The stock market went haywire about a year ago.
The Dow crashed more than 1,000 points, the S&P 500 was down 120 points, and the Nasdaq was down 393 points shortly after the market open on August 24.
And for a time, the blame for the sudden and unexplained move was a group of funds called risk parity fund.
Risk parity funds build portfolios around risks: They target a certain exposure to volatility, rather than, say, equities or bonds. That means that when volatility spikes, they sell automatically and indiscriminately.
That’s why they were in the spotlight back in August 2015. The complaint was that the sudden rise in the stock-market volatility forced them to sell, increasing volatility further.
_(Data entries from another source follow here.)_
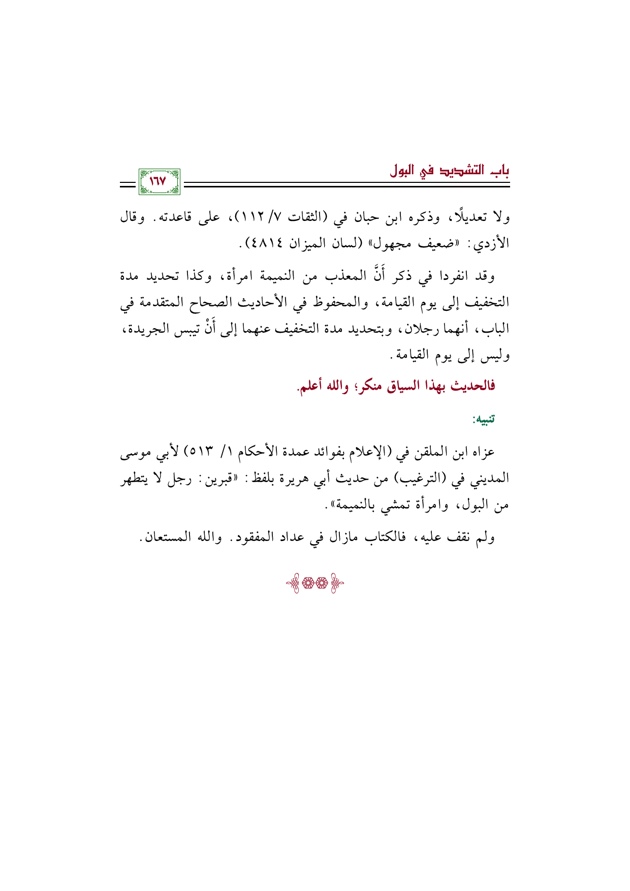 وقد انفردا في ذكر أَنَّ المعذب من النميمة امرأة، وكذا تحديد مدة التخفيف إلى يوم القيامة، والمحفوظ في الأحاديث الصحاح المتقدمة في الباب، أنهما رجلان، وبتحديد مدة التخفيف عنهما إلى أَنْ تيبس الجريدة، وليس إلى يوم القيامة.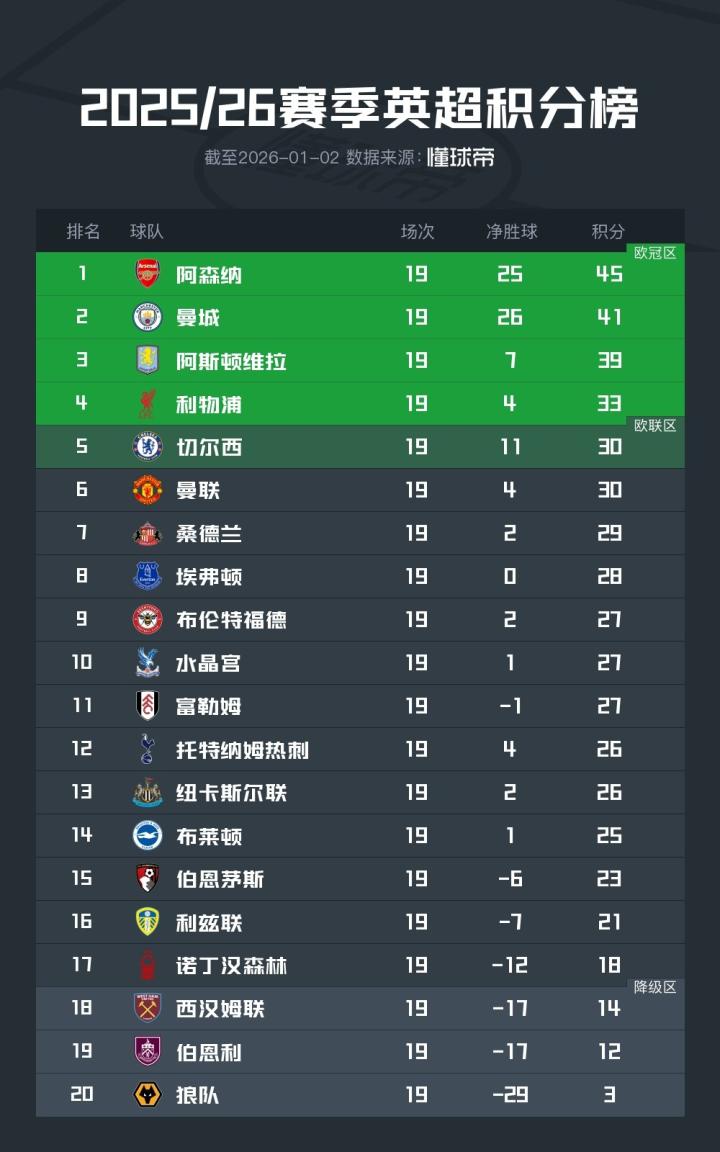 扫描下载懂球帝首页>动态> 英超半程积分榜:曼城被逼平后,阿森纳领先优势增至4分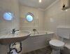 - Anthrazite Boden- und weiße Wandfliesen im Bad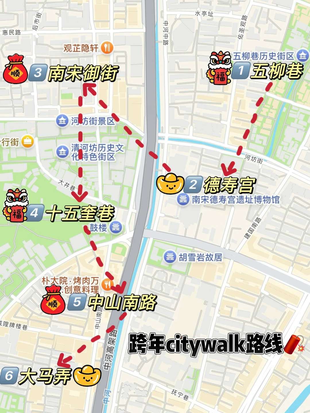 新年逛杭州除了西湖 我更推荐这条小众跨年citywalk 一半老城烟火,一半古巷红灯🏮 白天感受杭城的市井文化和南宋底韵 晚上直达市中心,解锁跨年惊喜福利 新年氛围直接拉满~ 🚶跨年路线 五柳巷 ➠ 德寿宫  ➠中山南路➠ 大马弄 ➠ 十五奎巷 ➠  南宋御街➠杭州大厦(跨年薅羊毛活动) ❶五柳巷:因南宋五柳园得名,民国建筑藏着网红咖啡店,闹中取静超适合漫步拍照。 ❷德寿宫:南宋皇宫遗址,需提前预约。 ❸南宋御街:南宋都城中轴线,古街宋韵浓厚,适合逛吃~ ❹十五奎巷:巷内文艺小店、特色工作室云集,还能欣赏古色古香的建筑,也是远眺鼓楼的最美机位。 ❺中山南路:市井味很浓,杭州人从小到大爱逛的老街,有很多老底子杭州味! ❻大马弄:紧邻中山南路,是当地居民的菜市场,充满烟火气,能买到各种地道的杭州小吃和新鲜食材 ❼杭州大厦:走到这里,就像从杭州的“过去”走到了“现在”。 这座陪伴了几代杭州人成长的商业地标,早已超越一座商场。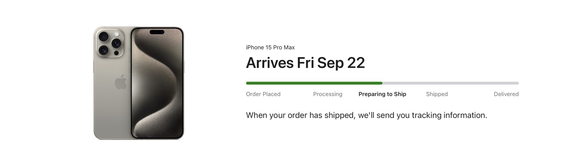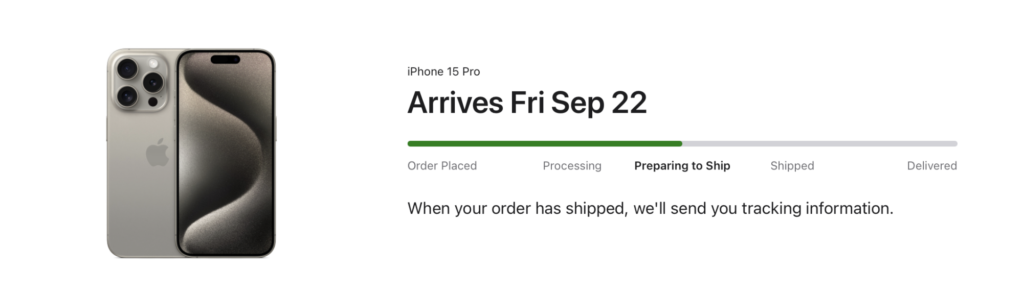 My non-pro 15 has finally moved to "preparing to ship" status, no tracking info yet on it or the other two iPhones I preordered.That makes me even more concerned.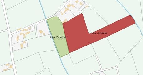 These agricultural lands extend to approximately 8.2 acres in total and are laid entirely in grass. The holding is divided into two well-defined fields, with Field 1 measuring approximately 2.4 acres and Field 2 extending to approximately 5.8 acres, making it suitable for a range of livestock or grazing uses.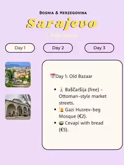 #holidayitinerary Sarajevo in Sarajevo Canton, Bosnia and Herzegovina, is one of those cities that instantly captures your attention with its mix of cultures and history. Walking around the old town, Baščaršija, feels like stepping back in time, with cobblestone streets, traditional shops, and the smell of fresh coffee and ćevapi filling the air.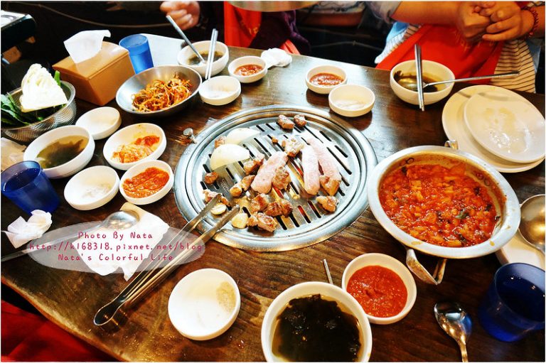 【旅遊✈KOREA】2015櫻在首爾*弘大站‧小豬儲蓄罐烤肉돼지저금통。用石頭烤肉風味口感就是不一樣~滿出來的豬肉和小菜♥有著100%滿足感

Well, everyone should be paying close attention to these funds again, according to Bank of America Merrill Lynch.
The equity derivatives strategy team at the US bank put out a note on August 9 that is full of technical language, but boils down to this: There are risks building up in the risk parity world.
From the note:
Last week’s sharp sell-off in JGBs renewed concerns of forced selling by risk parity funds. While the drawdowns in US Treasuries, US equities, and ultimately risk parity portfolios were small and short-lived, the latent risk remains worth monitoring, as (i) leverage is still near max levels across a variety of risk parity parametrizations, (ii) bond allocations are historically elevated, and (iii) markets continue to be sceptical of a 2016 Fed hike.
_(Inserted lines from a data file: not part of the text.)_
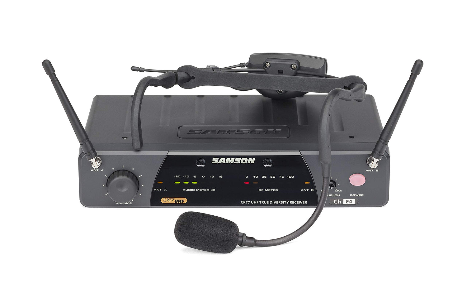 Details: Samson AirLine 77 AH7 Wireless SystemFree yourself from cumbersome cables or belt packs with the Samson AirLine 77 AH7 Wireless System. It includes the sweat-resistant Fitness Headset Mic and CR77 True Diversity Wireless Receiver. Samson mounted the unique AH7 micro transmitter to the Qe Fitness Headset Mic, so you can focus more on your workout. The headset uses a bidirectional condenser microphone to capture your voice. It minimizes the background noise and feedback problems for crystal-clear audio. The receiver operates in a 489.050 MHz band for up to 300-FT.TECHNICAL SPECS:Wireless Specs: Analog UHF - 489.050MHz Frequency Band; Up to 300-FT Working Range (Open-Line-of-Sight)Audio Frequency Response: 50Hz-15kHzMicro Transmitter: Max +3dB RF Output Power; 1 AAA Battery; Up to 8 Hours Battery LifeHeadset Mic Specs: Mono Condenser Capsule; Bidirectional Polar PatternCR77 Receiver: PLL Oscillation; 1/4" Wavelength Rod Antenna; 18dBm Sensitivity; 90dB Overall SNR; 15V Power AdapterAudio Levels: -20dBm Line Out, -40dBm Mic Out, 0dBv 1/4" OutputAccessories: AC Adapter; 1/4" Audio CableAlso Comes With:Blucoil 10-FT Balanced XLR CableThe 10-foot Blucoil cable interconnects your microphone to an audio interface, mixer, or preamp. It is made with premium Male-to-Female Neutrik-equivalent Zinc Alloy connectors and protected with a high-density PVC jacket. The 92% shielding blocks EMI/RFI from ruining your audio signal from EMI/RFI. The OFC wire provides the best possible conductivity and avoids unwanted degeneration.Get this bundle today and receive these Blucoil exclusives:5-Pack of Reusable Velcro Cable Ties10-Foot Instrument Cable with 1/4" Straight Connectors and PVC Shield for Guitars and Amps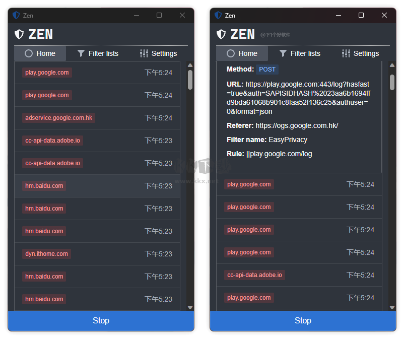 Zen廣告攔截工具正版是一款非常好用的廣告攔截軟件,并且這款軟件內(nèi)還為用戶提供了隱私保護功能,用戶能夠利用這款軟件輕松的攔截所有應(yīng)用程序的HTTP請求,還能及時的阻止惡意軟件的入侵,使用起來非常的便捷,高效,感興趣或者有需要的小伙伴就快來kk網(wǎng)站下載體驗一下吧。
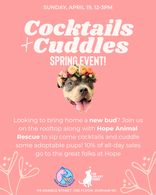 Looking to bring home a new bud? Join in on the rooftop to sip come cocktails and cuddle some adoptable pups from Hope Animal Rescue! These fundraisers are some of their FAVORITE events, and they need your help to run up the numbers as they donate 10% of all-day sales go to the great folks at Hope.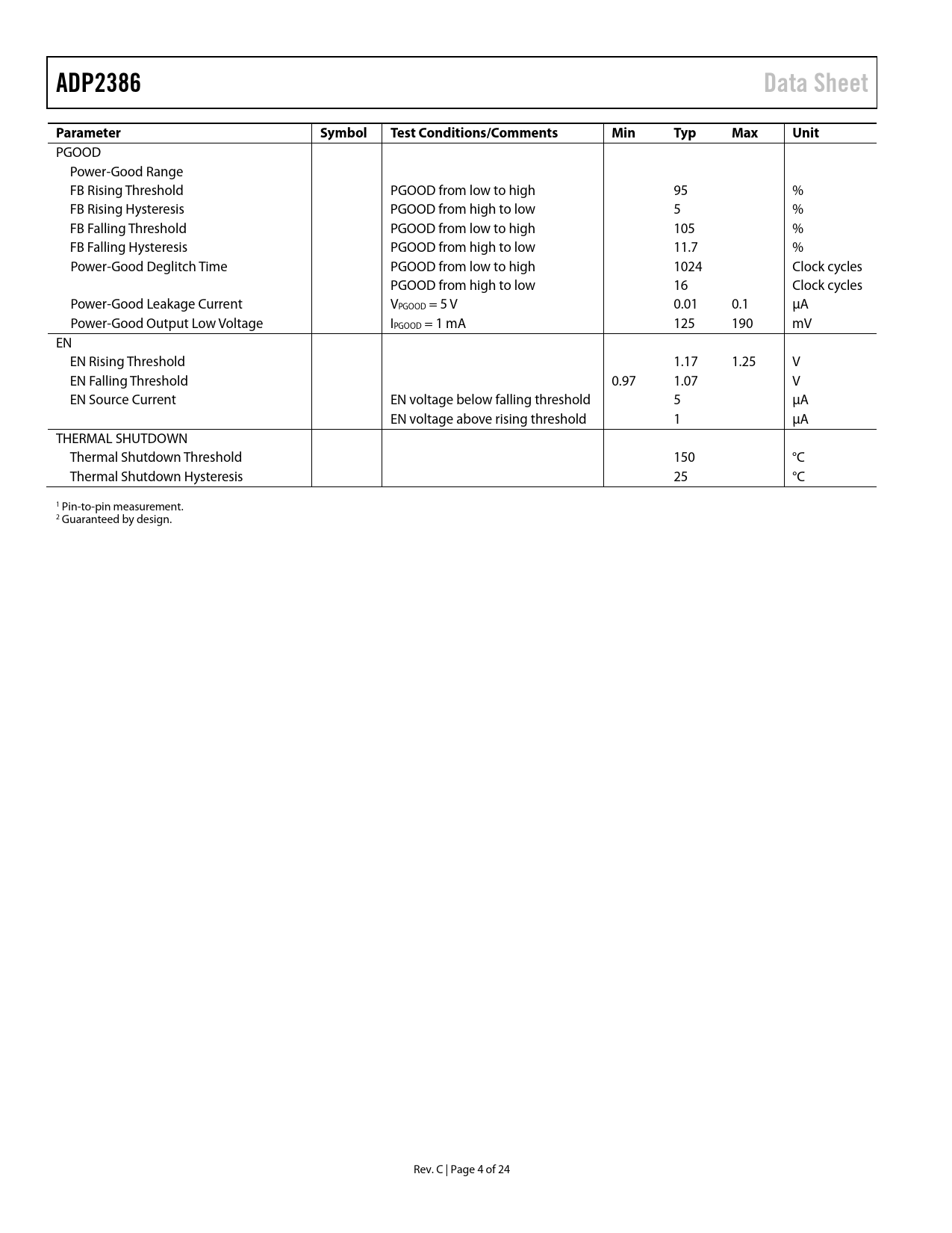 Páginas / Página24 / 4 — ADP2386. Data Sheet. Parameter. Symbol. Test Conditions/Comments. Min. …

Now, this isn’t as straightforward as watching volatility in one asset class, as risk parity funds focus on “the relative dynamics between component volatilities and correlation.” With that in mind, the note includes a scenario tool to help investors assess what moves in the S&P 500 and 10-year US Treasury futures could trigger “significant deleveraging by rules-based, vol-controlled risk parity funds.”
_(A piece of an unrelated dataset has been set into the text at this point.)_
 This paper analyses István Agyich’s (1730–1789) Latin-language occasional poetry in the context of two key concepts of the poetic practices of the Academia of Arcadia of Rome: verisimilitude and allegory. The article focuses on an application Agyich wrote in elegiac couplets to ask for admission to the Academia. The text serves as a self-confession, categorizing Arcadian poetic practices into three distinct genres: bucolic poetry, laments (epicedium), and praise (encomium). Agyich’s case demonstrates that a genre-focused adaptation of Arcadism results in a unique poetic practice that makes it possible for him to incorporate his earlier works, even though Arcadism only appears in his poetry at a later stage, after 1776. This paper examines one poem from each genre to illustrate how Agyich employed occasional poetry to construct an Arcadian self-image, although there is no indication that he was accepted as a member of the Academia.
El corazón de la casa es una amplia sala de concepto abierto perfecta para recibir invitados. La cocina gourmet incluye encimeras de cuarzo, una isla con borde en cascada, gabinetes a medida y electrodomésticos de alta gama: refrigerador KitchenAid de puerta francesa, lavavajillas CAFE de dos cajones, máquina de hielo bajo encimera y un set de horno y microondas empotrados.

In plain English, they’re trying to help clients figure out what might trigger widespread forced selling.
The grey bar is the zone in which the risk parity funds aren’t forced to sell. So, for example, if there was a -2% drop in US Treasury futures and a 5% jump in the S&P 500, risk parity funds wouldn’t react.
The orange zone includes the events that would presage a dramatic deleveraging. Their model suggests that, for example, a -1% drop in US Treasury futures and a -4% drop in the S&P 500 would trigger forced selling.